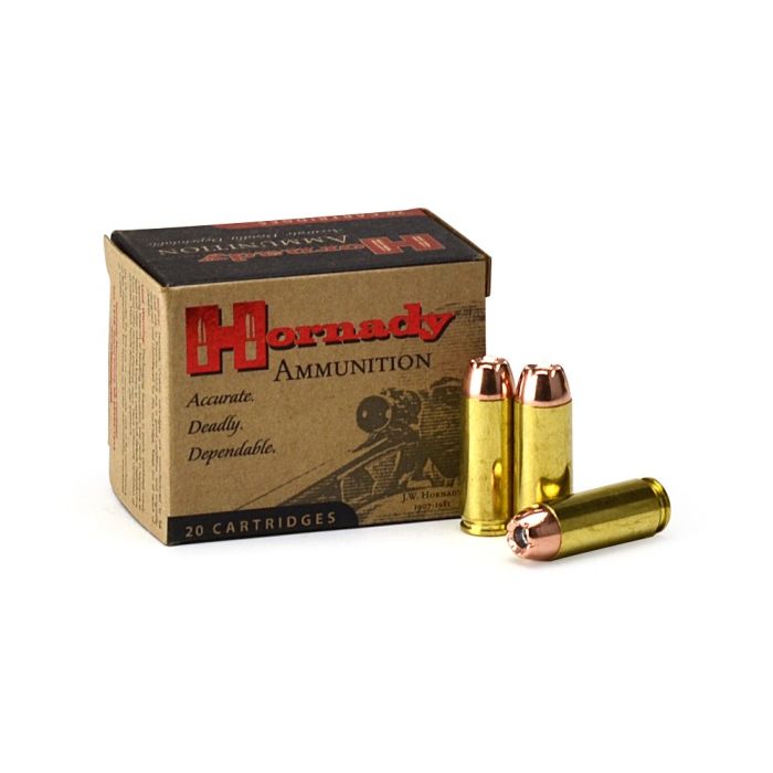 This Hornady Custom pistol ammo is loaded with the famous Hornady XTP (Extreme Terminal Performance Hollow Point bullet. All are supremely accurate, and deliver maximum knockdown power. Hornady produces most of the brass for Hornady Custom pistol ammo. All other brass is chosen to ensure it meets our unusually high standards for reliable feeding, corrosion resistance, proper hardness and the ability to withstand maximum chamber pressures. Each cartridge is loaded to ensure optimal pressure, velocity and consistency from lot to lot. Like the powder, each primer is carefully matched to individual loads, and specifically selected for their ability to quickly, completely, and reliably ignite the powder charge.
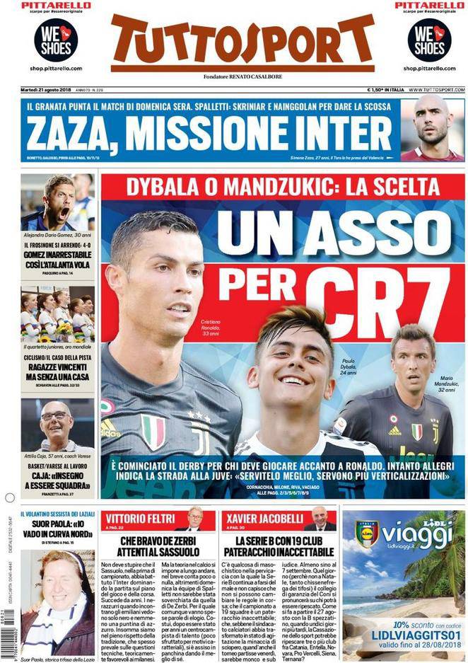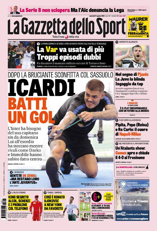 Gazzetta dello Sport, CorSport, Tuttosport: prime pagine del 21 agosto 2018 21/08/2018 - 08:14 di Keivan Karimi
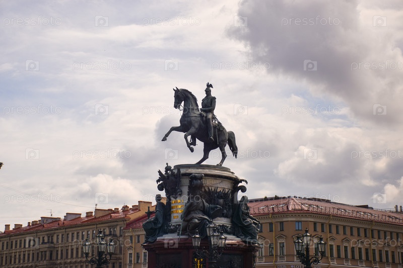 Силуэт конного памятника Николаю I на фоне облачного неба в Санкт-Петербурге
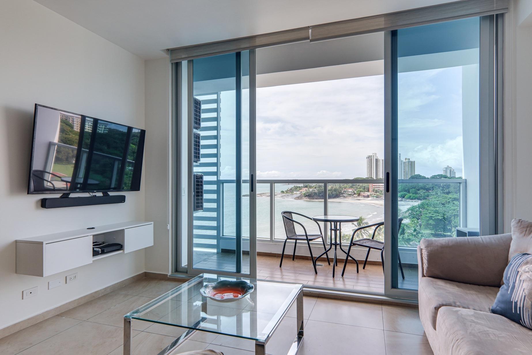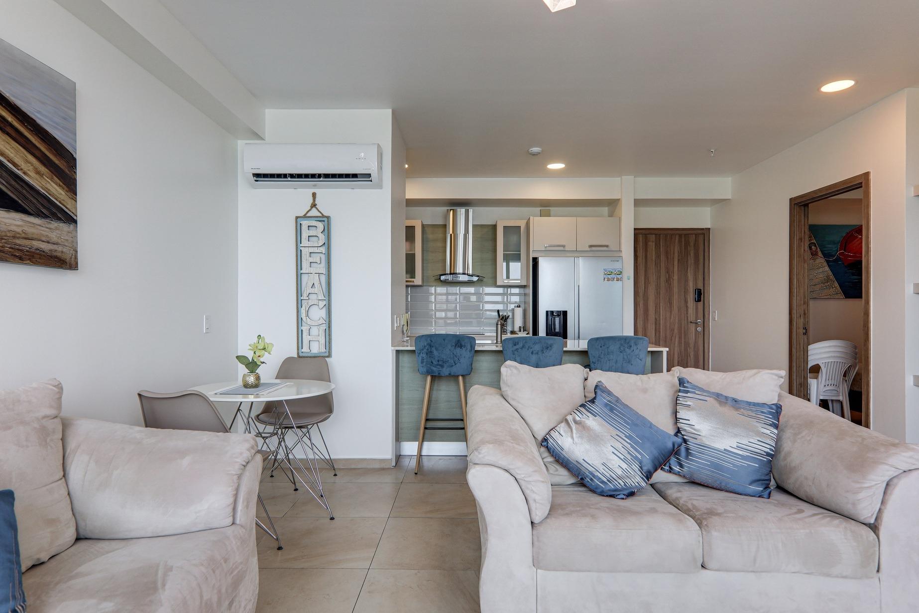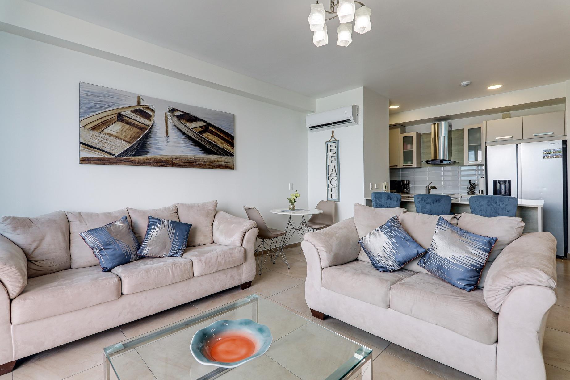 Features of this apartment include: 70 m2 of construction; stunning views of the tranquil fishing cove and the Pacific Ocean from the living/dining room and master bedroom; balcony with glass panels; open kitchen with stainless steel appliances; master bedroom with king bed; second bedroom with queen bed; full external bathroom; private laundry room with on-demand water heater; one assigned parking space; very low maintenance fee of only $140/month, which includes water and trash collection

• **Exercise requirements**
The expected output is an exact retyping of the lines from the line with "Силуэт конного памятника" through the last line of the data, with both ends kept and the pictures dropped.

• **Task output**
 Силуэт конного памятника Николаю I на фоне облачного неба в Санкт-Петербурге
 Features of this apartment include: 70 m2 of construction; stunning views of the tranquil fishing cove and the Pacific Ocean from the living/dining room and master bedroom; balcony with glass panels; open kitchen with stainless steel appliances; master bedroom with king bed; second bedroom with queen bed; full external bathroom; private laundry room with on-demand water heater; one assigned parking space; very low maintenance fee of only $140/month, which includes water and trash collection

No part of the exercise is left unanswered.